Bitcoin rises 20 percent after Tesla endorsement; Asian stocks, oil gain on US stimulus hopes and vaccine releases.
Markets pinned their hopes for economic recovery on signs that the Biden administration was committed to passing its stimulus package [File: Noriko Hayashi/Bloomberg]
Asian stocks rose on Tuesday after a record-setting day on Wall Street, while bitcoin paused for breath after an overnight endorsement from Tesla Inc sent the cryptocurrency up 20 percent to a new record high.
Oil prices hit 13-month highs, helped by rising optimism that fuel demand will rise.
MSCI’s broadest index of Asia-Pacific shares outside Japan was last up 0.32 percent at 721.53 after climbing as high as 730.16 late last month.
Korean shares were up 0.92 percent while Chinese blue chips rose 0.49 percent and Hong Kong’s main index nudged up 0.24 percent.
Japan’s Nikkei 225 index was up 0.36 percent and e-mini futures for the S&P 500 were 0.5 percent higher.
The early action came after another day of so-called reflation trades around the world, in which global investors bought up stocks, oil and gold while US Treasury yields held near 11-month highs.
Expectations have been building that inflation would pick up as governments and central banks continue their huge spending programmes and easy-money policies until officials are certain that their economies will recover from the coronavirus pandemic.
“Asia-Pacific equities embrace another ‘risk-on’ session as major US indices broke fresh highs on hopes that Democrats will push through a large stimulus bill,” Margaret Yang, a strategist at investment firm IG, said in a note sent to Al Jazeera.
Wall Street reached all-time closing highs on Monday as the Nasdaq Composite added nearly 1 percent and the S&P 500 and the Dow Jones Industrial Average gained about 0.75 percent.
In the more volatile cryptocurrency markets, bitcoin briefly passed $47,000 for the first time before paring back its gains. It was last traded at $45,669.
The token got a push when US electric carmaker Tesla Inc said overnight it had invested about $1.5bn in the virtual currency and expects to accept it as payment for its cars in the future. The developments amounted to the biggest endorsement of the controversial cryptocurrency by a mainstream firm. Elon Musk, Tesla’s founder and the world’s richest man, has for months been commenting about bitcoin, buffeting its price.

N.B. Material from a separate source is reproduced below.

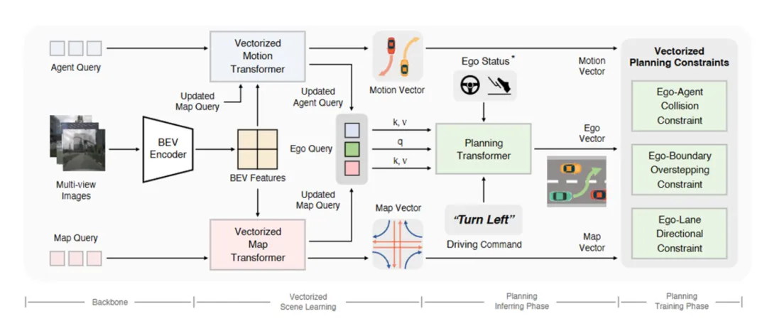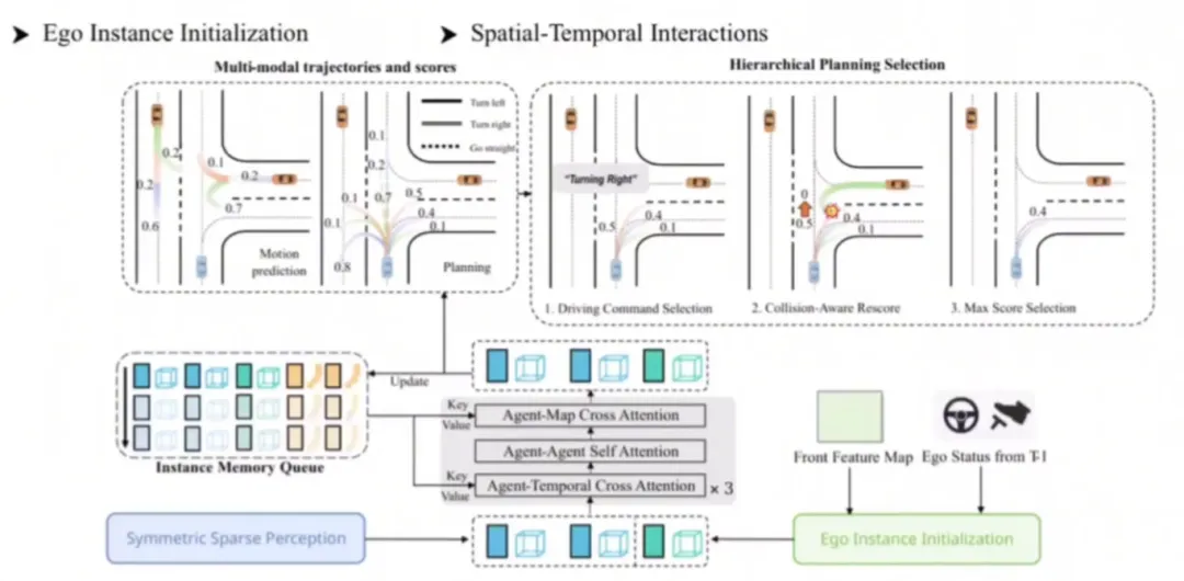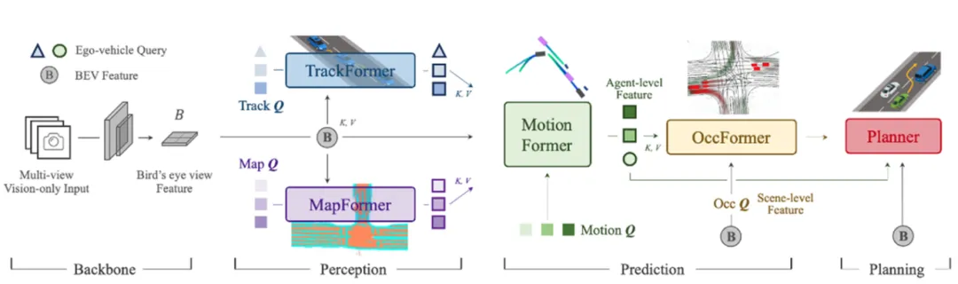 该模型包括特征提取,特征转换,感知模块(目标检测+多目标跟踪+建图部分,TrackFormer、MapFormer),预测模块(MotionFormer、OccFormer),规划模块(指令导航、Occ矫正轨迹)

Oil prices continued to rise on Tuesday, reaching 13-month highs.
Brent rose 33 cents, or 0.54 percent, US West Texas Intermediate crude was at $58.34 a barrel, up 37 cents, or 0.64 percent.
“There is a sense that the glut of oil supply is disappearing more rapidly than anybody thought possible,” said Phil Flynn, a senior analyst at Price Futures Group in Chicago. “There seems to be a paradigm shift in the market.”
The spot gold price rose 0.37 percent to $1,837 an ounce as expectations of a large US economic stimulus package bolstered its appeal as a hedge against rising inflation.
Such expectations hit the US dollar index – a measure of the currency’s value against a basket of commonly traded peers – which fell further on Tuesday after slipping at the end of last week on a weaker-than-expected jobs report. It was last down 0.091 percent at 90.868.
Against the yen, the dollar was down 0.12 percent at 105.10.